Let us understand with examples.

Input − num=15324

Output − Count of rotations divisible by 4 are: 2

Explanation − Rotations are −

15324, 41532, 24153, 32415, 53241

Out of these, 15324 and 41532 will be divisible by 4.

Input − num=848484

Output − Count of rotations divisible by 4 are − 6

Explanation − Rotations are −

848484, 484848, 848484, 484848, 848484, 484848

All these rotations are divisible by 4

The approach used in the below program is as follows

We will convert the number into a string and traverse the number using a for a loop. For each pair of two digits convert them into an integer and check divisibility by 4. If divisible then increment the count.

• Take the number as long long num.

• Function Rotation_4(long long num) takes the number num and returns the count of rotations of num that are divisible by 4.

• Convert the num to string str=to_string(num).

• The number of digits in num will be length=str.length().

• Take temporary variable digit=0 for storing integer values of pairs of digits.

• Take the initial count as 0.

• If length is 1 then only a single digit is present. Convert it to integer, digit=(str.at(0)-’0’)

• Check divisibility by 4 and return the result as 1 or 0.

• Now traverse str using for loop from i=0 to I <length-1.

• Make two digit number using digit=(str.at(i)-'0')*10 + (str.at(i+1)-'0') as each pair will become the last two digits in rotations.
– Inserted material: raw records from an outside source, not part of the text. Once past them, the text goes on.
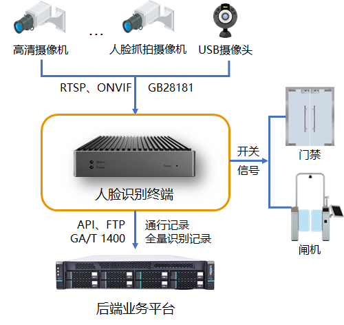 采用人臉識(shí)別和訪客機(jī)的方式,通過(guò)門口攝像機(jī)采集的人臉信息,跟系統(tǒng)中的人臉庫(kù)做比對(duì),判斷來(lái)訪者是否有進(jìn)出權(quán)限,并結(jié)合傳統(tǒng)的門禁識(shí)別方式,控制門鎖的開關(guān),從而方便人員通行,提高服務(wù)質(zhì)量。業(yè)務(wù)需要的情況下,可以在人臉識(shí)別的同時(shí),記錄考勤信息,生成考勤報(bào)表。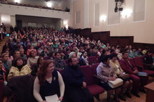 Первое общешкольное родительское собрание прошло в районном доме культуры. Обсуждались вопросы безопасности детей, вакцинации, питания.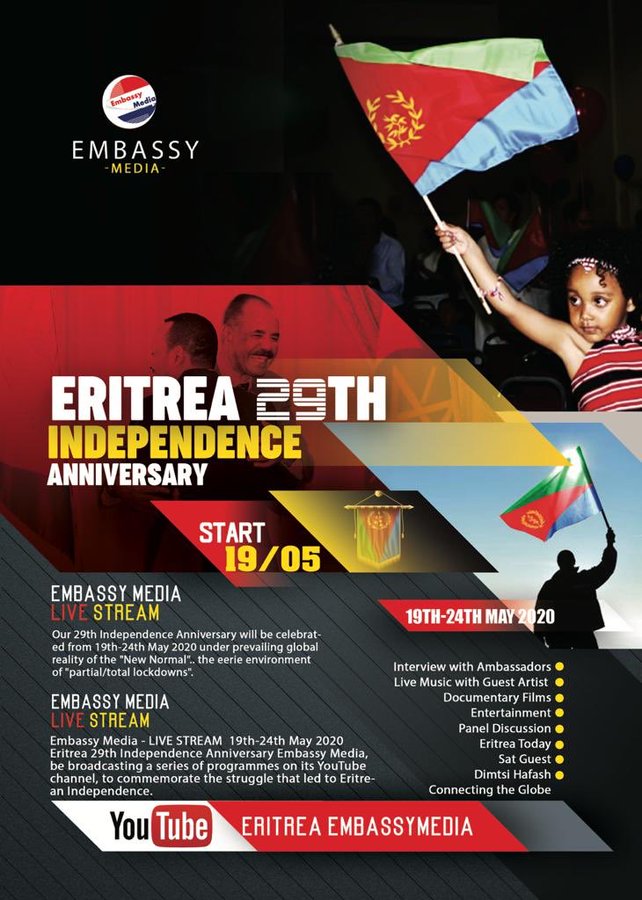 You are cordially invited to celebrate the 29th Eritrean Independence Anniversary from 19 - 24 May 2020.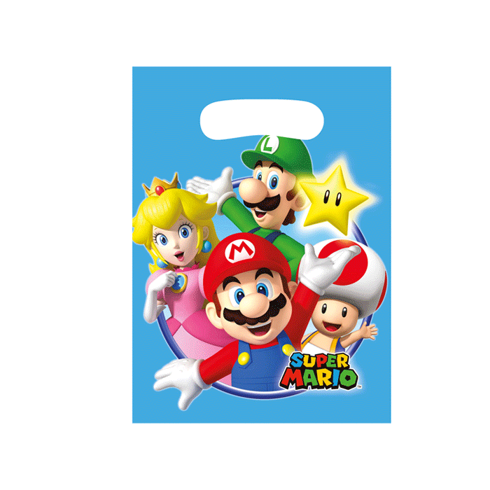 Stoere uitdeelzakjes van Super Mario. Eén verpakking bevat 8 uitdeelzakjes.

• Do same process as above for pair formed by last digit and first digit using digit=(str.at(length-1)-'0')*10 + (str.at(0)-'0'); Check divisibility by 4 and update count.

• In the end return count as result.

Example

 Live Demo

#include <bits/stdc++.h>
using namespace std;
int Rotation_4(long long num){
   string str = to_string(num);
   int length = str.length();
   int digit = 0, count = 0;
   if (length == 1){
      digit=(str.at(0)-'0');
      if(digit%4 == 0){
         return 1;
      }
      else{
         return 0;
      }
   }
   for (int i=0; i<(length-1); i++){
      digit = (str.at(i)-'0')*10 + (str.at(i+1)-'0');
      if(digit%4 == 0){
         count++;
      }
   }
   digit = (str.at(length-1)-'0')*10 + (str.at(0)-'0');
   if(digit%4 == 0){
      count++;
   }
   return count;
}
int main(){
   long long num = 24040;
   cout<<"Count of rotations divisible by 4 are: "<<Rotation_4(num);
   return 0;
}

Output

If we run the above code it will generate the following output −

Count of rotations divisible by 4 are: 4